Again as had been the norm from 2000 Zanu PF refused to be pushed out of the government arguing that the ballot could not prevail over the bullet in determining who should preside over national affairs.
The refusal by Zanu PF to accept the 2008 election results that went against it and its Presidential candidate pushed the Constitutional reform agenda to the forefront of the political dispute in the country leading to the Global Political Agreement (GPA) on 15 September 2008 wherein the two dominant political parties were joined by an insignificant political faction to form a coalition government whose term is hinged on the Constitutional reform initiative.
There is widespread belief in the country and throughout the region that the politics of the country can be sorted out if the feuding parties address the issues they believe are central to the impasse gripping the country and hindering economic progress.
But sadly though events on the ground seem to suggest that unless complimentary reforms are instituted in military operations in the country the Constitution reforms will count for nothing other than international sympathy with the downtrodden Zimbabwe electorate.
The fact that after the disturbances at the all stakeholders’ conference none other than MDC supporters were taken into custody when clearly the rowdy deviants were Zanu PF supporters speaks volumes about what will happen in the event Zanu PF refuses to abide by the new constitution regardless of how well meaning its clauses will be.
Simply put a good constitution without committed political and military enforcement will count for nothing.
If the MDC hopes to topple Mugabe from the presidency through the Constitution it will be surprised when the time comes and the free and fair elections are won but Zanu PF again refuses to vacate government seats of power.
As the constitution reform moves forward the MDC must make some painful decisions about how it will have to deal with such a possibility.

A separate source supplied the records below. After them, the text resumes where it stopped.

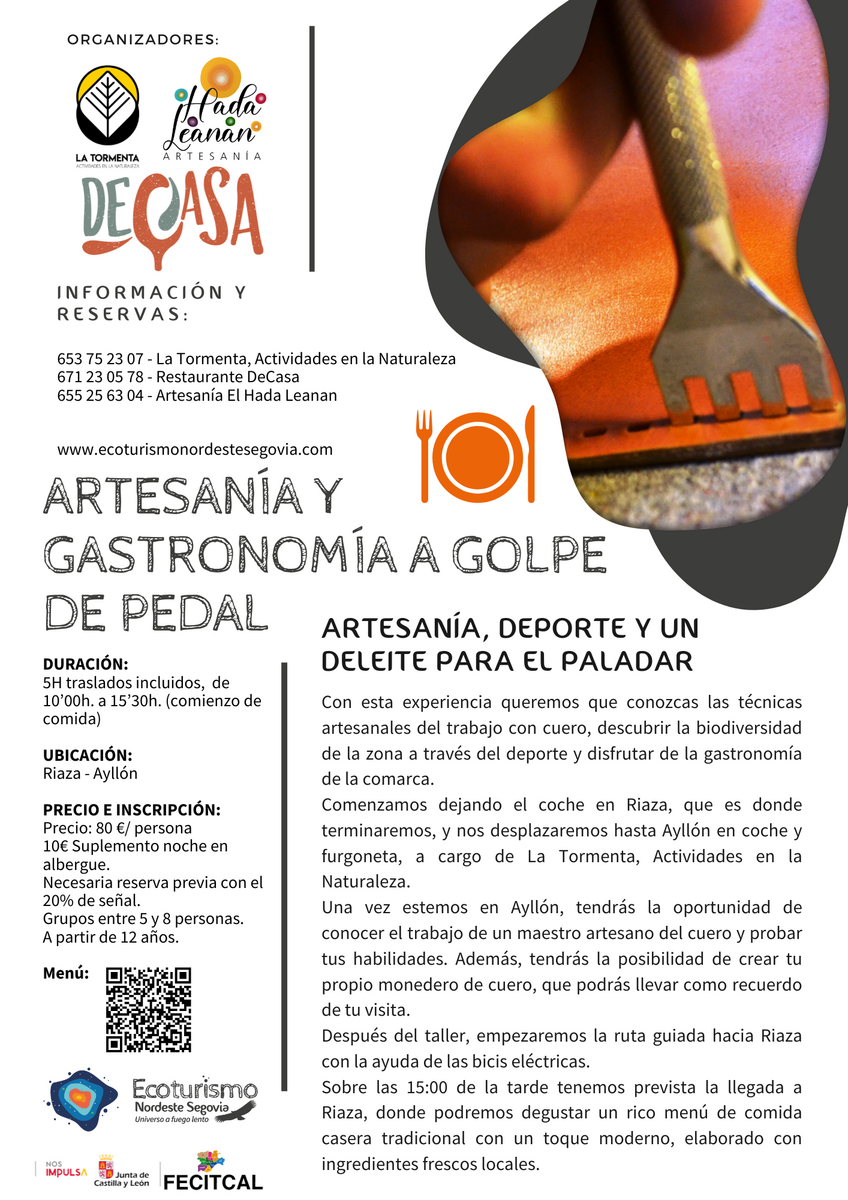 Con esta experiencia, conocerás las técnicas artesanales del trabajo con cuero, después descubrirás la biodiversidad de la zona a través del deporte haciendo una ruta en ebike de Ayllón a Riaza y para terminar, disfrutarás de la gastronomía de la comarca en Rte. De Casa.
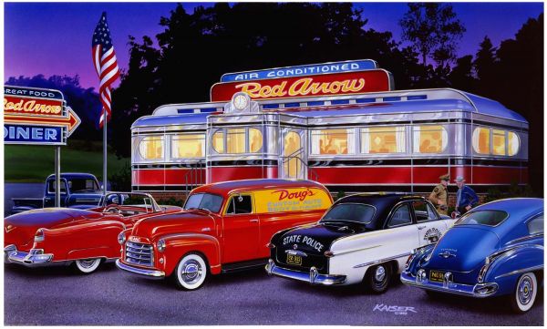 Deze afbeelding brengt je naar een nostalgische avond bij de klassieke "Red Arrow Diner", waar retro charme en vintage stijl samenkomen.
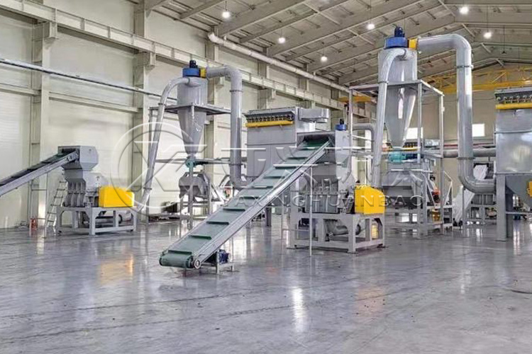 亞興成套鋰電池極片處理設備達到環保標準,以活性炭過濾設施,水噴淋設施,煙氣凈化設施等輔助完成氣味收集工序。在物料收集部分,設計相配套的收集設施,將物料自動收集,以物理化的加工方式,避免銅鋁氧化問題的產生,做到真正的鋰電池正負極片的回收利用,將銅鋁,隔膜,外殼做到99.8%的分離效率。廢舊鋰電池帶電或者經過放電以后,進行一級撕碎和破碎,破碎后物料通過輸送機,在輸送過程中或加溫烘干處理,再由分選設備祛除其中的鐵殼與隔膜紙之后剩下了鋰電池的正負極片混合物料,然后再由細碎破碎機和水磨搓球機(制粒機)進一步的細碎及靜電分離、篩分處理,將其中的鋁、銅和極片粘合物分離回收。
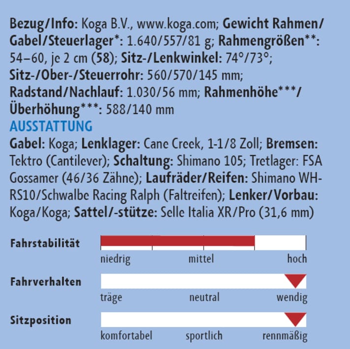 *Gewogene Gewichte; **Test-Rahmengröße gefettet; ***projiziertes Maß von Mitte Tretlager bis Oberkante Steuerrohr75 ****Sattel-Steuerrohr-Überhöhung bei 75 cm Sitzhöhe (Mitte Sattelgestell – Oberkante Steuersatzkappe)

Unless the party can devise means with which to enforce the new constitution the likelihood of a long overdue change in regimes will not materialise in practice.
The MDC can win as many so called free and fair elections as it likes under any constitutional order but it will not dislodge Zanu PF unless the military command is reformed and reoriented to be a national rather than party loyal force.
Such reorientation of necessity demands that current command structures be dismantled and new leadership of the forces be appointed to serve the nation and not Zanu PF alone.
The silence on this issue is not healthy at all. The positions held by Constantine Chiwenga, Perence Shiri, Paradzayi Zimondi, Happyton Bonyongwe and Augustine Chihuri must now be discussed by the government and agreement reached as to how they will be eased out of the government and replaced by other professionals willing to distance themselves from partisan political party dogma in support of national ethos that will be encapsulated in the new constitution order.
By avoiding discussion of these key players in upholding our constitutional democracy, the government is not doing the nation any favours.
It only serves to show the nation that the government does not have control over its law enforcement and security wing which raises fears that the government may actually be a puppet of the military establishment.
In which case the constitution will be not worth the paper on which it will be written.